> PROMPT
From the listing below, give again exactly the lines from the line with "একই বইয়ে ‘স্বাধীন" to the line with "イブラヒムと頭山満。中央は内", ends included, without any pictures.

> RECORDED DATA
┄┄┄┄┄┄

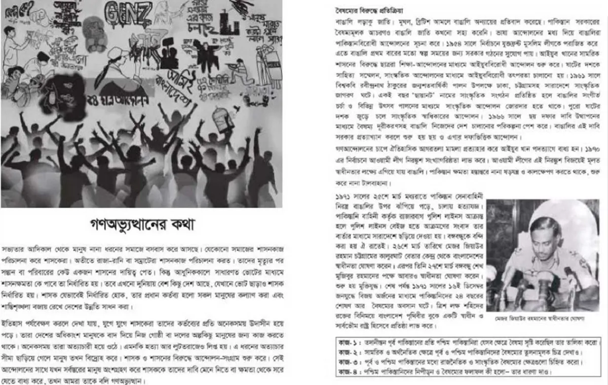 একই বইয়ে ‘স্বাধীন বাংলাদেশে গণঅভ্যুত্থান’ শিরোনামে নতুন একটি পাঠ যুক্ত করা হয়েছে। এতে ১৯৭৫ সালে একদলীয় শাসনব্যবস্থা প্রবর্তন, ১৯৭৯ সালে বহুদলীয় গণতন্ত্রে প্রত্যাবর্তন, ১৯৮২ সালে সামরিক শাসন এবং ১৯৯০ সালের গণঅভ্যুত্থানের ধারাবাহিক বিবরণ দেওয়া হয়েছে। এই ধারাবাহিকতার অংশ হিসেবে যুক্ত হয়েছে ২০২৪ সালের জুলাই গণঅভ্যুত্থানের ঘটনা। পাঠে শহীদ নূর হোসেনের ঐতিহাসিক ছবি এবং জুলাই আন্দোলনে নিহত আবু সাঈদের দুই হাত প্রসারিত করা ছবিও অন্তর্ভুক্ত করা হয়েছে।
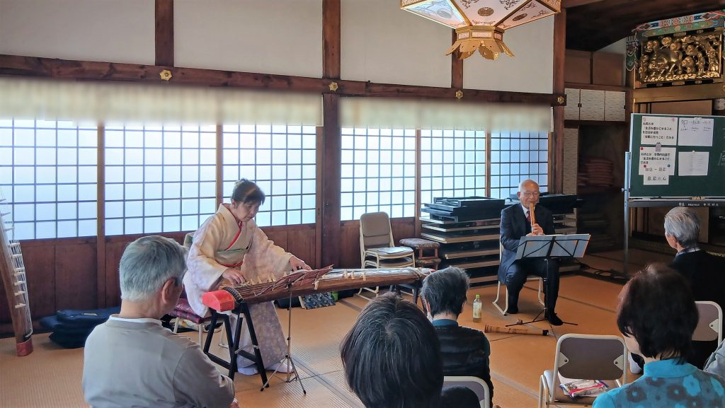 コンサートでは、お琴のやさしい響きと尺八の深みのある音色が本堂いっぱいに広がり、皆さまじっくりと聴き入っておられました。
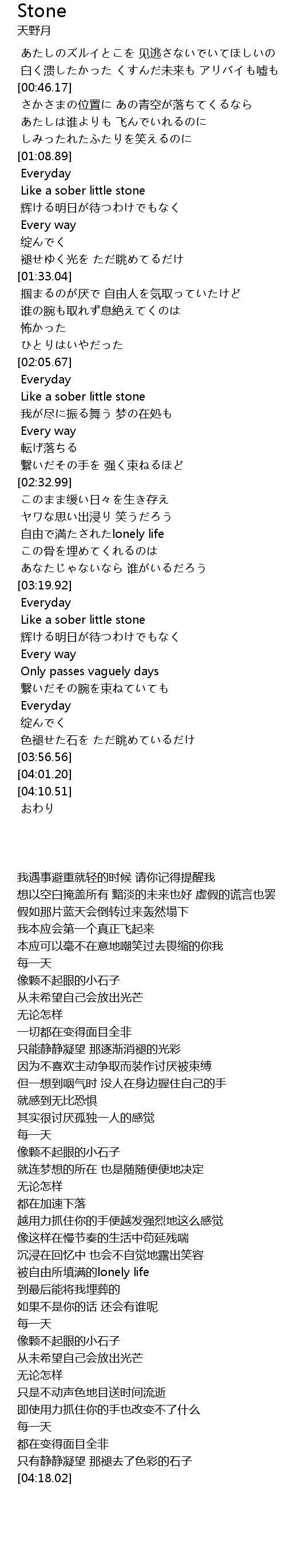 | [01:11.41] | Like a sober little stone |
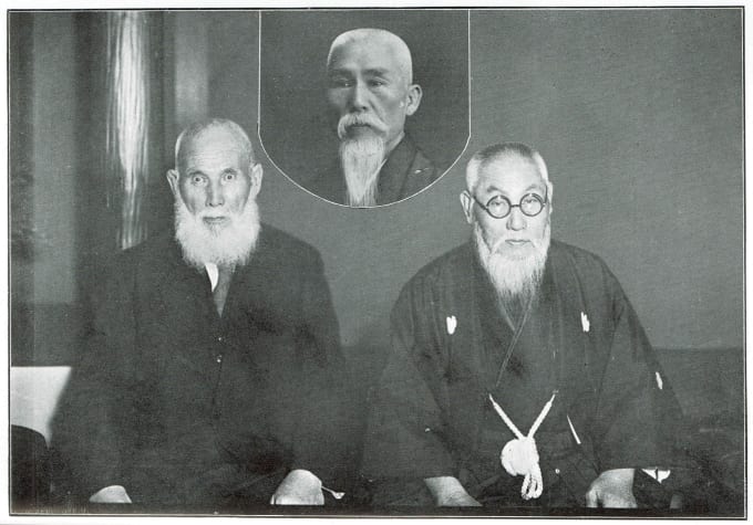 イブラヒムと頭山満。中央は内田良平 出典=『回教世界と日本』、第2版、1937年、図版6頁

┄┄┄┄┄┄

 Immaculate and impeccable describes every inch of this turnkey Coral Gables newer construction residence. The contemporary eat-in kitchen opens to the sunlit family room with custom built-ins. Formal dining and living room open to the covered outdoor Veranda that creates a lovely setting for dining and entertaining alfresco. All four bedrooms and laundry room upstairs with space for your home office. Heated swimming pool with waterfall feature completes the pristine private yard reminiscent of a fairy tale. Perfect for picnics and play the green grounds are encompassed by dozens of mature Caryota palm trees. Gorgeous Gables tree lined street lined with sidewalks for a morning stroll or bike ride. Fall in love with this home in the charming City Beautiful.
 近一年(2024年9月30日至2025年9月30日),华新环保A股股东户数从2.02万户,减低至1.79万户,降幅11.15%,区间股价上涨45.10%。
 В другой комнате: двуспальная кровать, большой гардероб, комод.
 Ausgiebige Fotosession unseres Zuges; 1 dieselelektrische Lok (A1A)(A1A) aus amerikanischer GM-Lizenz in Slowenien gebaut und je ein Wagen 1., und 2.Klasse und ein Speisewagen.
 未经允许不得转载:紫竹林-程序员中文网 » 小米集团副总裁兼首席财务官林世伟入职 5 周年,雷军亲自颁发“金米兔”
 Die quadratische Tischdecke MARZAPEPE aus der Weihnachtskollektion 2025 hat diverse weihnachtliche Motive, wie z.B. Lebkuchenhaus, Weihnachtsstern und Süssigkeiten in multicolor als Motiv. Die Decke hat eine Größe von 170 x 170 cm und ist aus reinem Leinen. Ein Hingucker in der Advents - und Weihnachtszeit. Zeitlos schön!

┄┄┄┄┄┄

> FINAL ANSWER
 একই বইয়ে ‘স্বাধীন বাংলাদেশে গণঅভ্যুত্থান’ শিরোনামে নতুন একটি পাঠ যুক্ত করা হয়েছে। এতে ১৯৭৫ সালে একদলীয় শাসনব্যবস্থা প্রবর্তন, ১৯৭৯ সালে বহুদলীয় গণতন্ত্রে প্রত্যাবর্তন, ১৯৮২ সালে সামরিক শাসন এবং ১৯৯০ সালের গণঅভ্যুত্থানের ধারাবাহিক বিবরণ দেওয়া হয়েছে। এই ধারাবাহিকতার অংশ হিসেবে যুক্ত হয়েছে ২০২৪ সালের জুলাই গণঅভ্যুত্থানের ঘটনা। পাঠে শহীদ নূর হোসেনের ঐতিহাসিক ছবি এবং জুলাই আন্দোলনে নিহত আবু সাঈদের দুই হাত প্রসারিত করা ছবিও অন্তর্ভুক্ত করা হয়েছে।
 コンサートでは、お琴のやさしい響きと尺八の深みのある音色が本堂いっぱいに広がり、皆さまじっくりと聴き入っておられました。
 | [01:11.41] | Like a sober little stone |
 イブラヒムと頭山満。中央は内田良平 出典=『回教世界と日本』、第2版、1937年、図版6頁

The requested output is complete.